Google stores a lot more data about you than you might imagine. This is not only your dialogues with the voice assistant, but also all the dictations, and even the history of your purchases. It's not that the company has somehow carefully concealed this, but you won't be able to get quick access to this information. But one thing is your voice messages, which hardly anyone wants to listen to, and quite another thing is purchases, which sometimes need to be analyzed somehow. So Google decided to add shopping cards to Gmail with a concise collection of up-to-date purchase details.
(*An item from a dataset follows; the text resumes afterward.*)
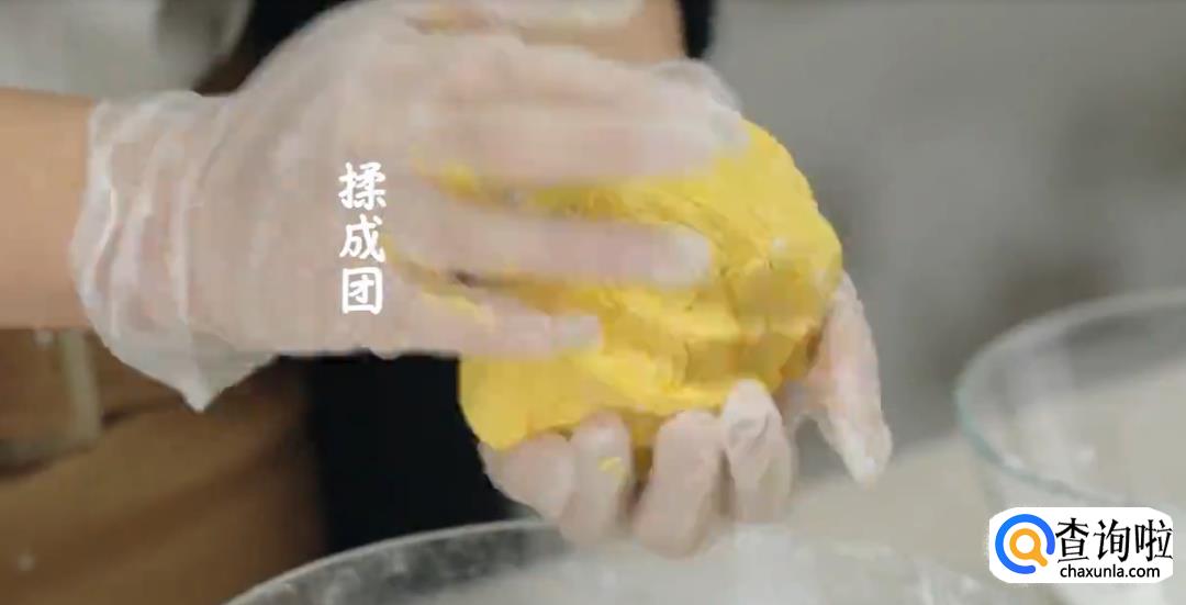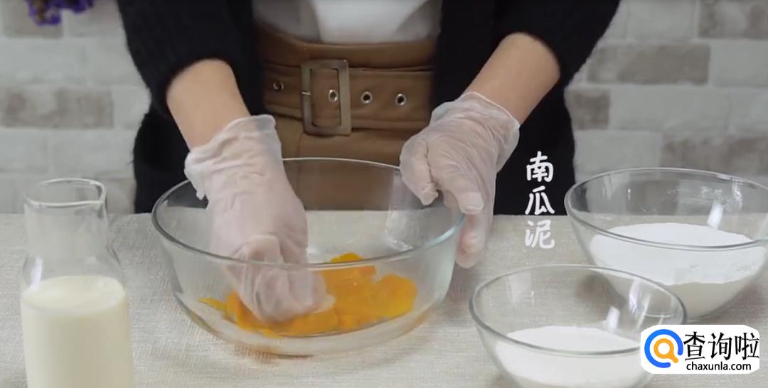 将蒸熟的南瓜压成泥状,倒入200g糯米粉,100g面粉然后揉搓均匀成团状。

Gmail is much more user-friendly in the latest update
The cards in question appeared in the latest Gmail update. They are a kind of virtual receipts, where important information about the product is given in a visual form. And it doesn't matter what you bought: an app on Google Play, a subscription to some paid service, a new vacuum cleaner in an online store, a plane ticket or a whole tour. Gmail will automatically analyze the content of the confirmation email, highlight the most important, and present it as a separate card above the email.
Gmail update for Android
The card will always be created, regardless of how the sender prepares the letter. That is, even if the online store where you ordered a vacuum cleaner or electric kettle has a colorful template for notifications about successful ordering, Gmail will still give you its own version. This is how it looks:
Gmail cards are very handy
In fact, cards are a very useful feature, since often online stores and all kinds of online services go too far with the colorful design of their letters. Because of this, firstly, you have to wait until it is fully loaded, and, secondly, to look for the necessary information among the screaming banners and logos. In a Gmail card, as a rule, there is only text information with small nomenclature icons indicating the store where the purchase was made, its cost and delivery date.
How cards work in Gmail
It's the same with tickets or tours. For example, I really do not like how S7 issues its letters about a successful order of an air ticket. I have no idea how they manage to make them so beloved, but every time I happen to use the services of this aviation company, I scold their layout designers for nothing. Gmail itself analyzes the departure confirmation letter and produces the following informative block:
Left – Gmail card, right – layout of a letter from S7
As you can see, cards are applied even to old purchases made before the Gmail update was released, which is very convenient. But, unfortunately, this mechanism does not always work. In any case, the analysis of emails about successful ordering of goods on Ozon and in 'M.Video' by Gmail has not been mastered. Perhaps, the peculiarities of the layout of these letters affected, which is why the postal service was unable to extract important information about purchases from them. But I want to believe that over time, Google will train Gmail to recognize even non-obvious data, and cards will appear even where they were not there before.
Is it convenient? Indisputably. In my opinion, this is generally one of the coolest innovations that have appeared in Gmail over the past few years. After all, even the design of the service, which Google is constantly redesigning, is far from as important as the ability to conveniently consume information from letters. Moreover, the update with cards attracted me so much that I even partially returned to using Gmail, which, as you remember, I had previously abandoned in favor of a bot for Telegram. Perhaps I will not use the service application on an ongoing basis, but I will refer to it to analyze my purchases.